=== TASK DETAILS ===
Give back all of the data exactly as it stands, with the pictures removed.

=== STORED DATA ===
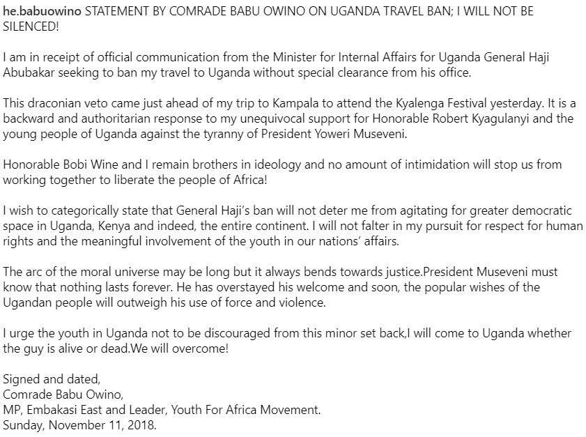 “Honorable Bobi Wine and I remain brothers in ideology and no amount of intimidation will stop us from working together to liberate the people of Africa! I wish to categorically state that General Haji’s ban will not deter me from agitating for greater democratic space in Uganda, Kenya and indeed, the entire continent. I will not falter in my pursuit for respect for human rights and the meaningful involvement of the youth in our nations’ affairs,” read part of Babu’s statement.
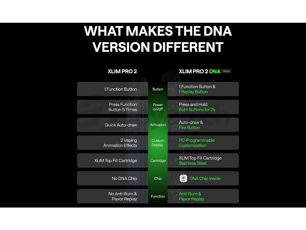 OXVA Xlim Pro 2 DNA Pod Kit představuje revoluční spojení špičkové technologie Evolv DNA čipsetu s oceněným designem kompaktní elektronické cigarety, což z ní činí první pod systém na světě s pokročilým DNA čipem. Tato prémiová elektronická cigareta nabízí precizní teplotní kontrolu a funkci Replay pro přesnou reprodukci chuti při každém potahu, zatímco HD barevný displej s vysokou jemností pixelů poskytuje kompletní přehled o všech parametrech vapování. S integrovanou baterií 1300 mAh a rychlým USB-C nabíjením 5V/2A zajišťuje dlouhodobý a spolehlivý provoz, který kombinuje výkon 5-30W s podporou odporu 0.2-3.0Ω pro maximální variabilitu. Model podporuje jak automatické, tak manuální spínání potahu a nabízí dvě metody ovládání podle preferencí uživatele. Vynikající power management díky DNA čipsetu prodlužuje výdrž baterie oproti konvenčním pod systémům, zatímco pokročilá teplotní ochrana zabraňuje vzniku dry hitů při prázdné cartridgi. Personalizace prostřednictvím softwaru EScribe od výrobce Evolv umožňuje úpravu zařízení do nejmenších detailů a odhalení pokročilých funkcí elektronické cigarety.
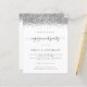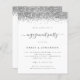Um valor para o alternativo do ORÇAMENTO em tamanho menor de 4,5 x 5,6" de semirbrilho de 110 lbs, que é de espessura semelhante a um cartão postal (no entanto, não é adequado para uso como cartão postal). POR FAVOR, OBSERVE QUE HÁ UM convite por folha. Convite para Festa de noivado de Script de Glitter do Orçamento Silver. Estilo de vidro com uma borda de falso brilho no topo de cada lado, e a Festa de noivado está em um script de estilo de escrita manual. Personalize facilmente o texto para seus próprios detalhes. Você também pode alterar as cores do texto e do plano de fundo por meio da opção personalizar mais, se desejar.

=== SOLUTION TO THE PROBLEM ===
 “Honorable Bobi Wine and I remain brothers in ideology and no amount of intimidation will stop us from working together to liberate the people of Africa! I wish to categorically state that General Haji’s ban will not deter me from agitating for greater democratic space in Uganda, Kenya and indeed, the entire continent. I will not falter in my pursuit for respect for human rights and the meaningful involvement of the youth in our nations’ affairs,” read part of Babu’s statement.
 OXVA Xlim Pro 2 DNA Pod Kit představuje revoluční spojení špičkové technologie Evolv DNA čipsetu s oceněným designem kompaktní elektronické cigarety, což z ní činí první pod systém na světě s pokročilým DNA čipem. Tato prémiová elektronická cigareta nabízí precizní teplotní kontrolu a funkci Replay pro přesnou reprodukci chuti při každém potahu, zatímco HD barevný displej s vysokou jemností pixelů poskytuje kompletní přehled o všech parametrech vapování. S integrovanou baterií 1300 mAh a rychlým USB-C nabíjením 5V/2A zajišťuje dlouhodobý a spolehlivý provoz, který kombinuje výkon 5-30W s podporou odporu 0.2-3.0Ω pro maximální variabilitu. Model podporuje jak automatické, tak manuální spínání potahu a nabízí dvě metody ovládání podle preferencí uživatele. Vynikající power management díky DNA čipsetu prodlužuje výdrž baterie oproti konvenčním pod systémům, zatímco pokročilá teplotní ochrana zabraňuje vzniku dry hitů při prázdné cartridgi. Personalizace prostřednictvím softwaru EScribe od výrobce Evolv umožňuje úpravu zařízení do nejmenších detailů a odhalení pokročilých funkcí elektronické cigarety.
Um valor para o alternativo do ORÇAMENTO em tamanho menor de 4,5 x 5,6" de semirbrilho de 110 lbs, que é de espessura semelhante a um cartão postal (no entanto, não é adequado para uso como cartão postal). POR FAVOR, OBSERVE QUE HÁ UM convite por folha. Convite para Festa de noivado de Script de Glitter do Orçamento Silver. Estilo de vidro com uma borda de falso brilho no topo de cada lado, e a Festa de noivado está em um script de estilo de escrita manual. Personalize facilmente o texto para seus próprios detalhes. Você também pode alterar as cores do texto e do plano de fundo por meio da opção personalizar mais, se desejar.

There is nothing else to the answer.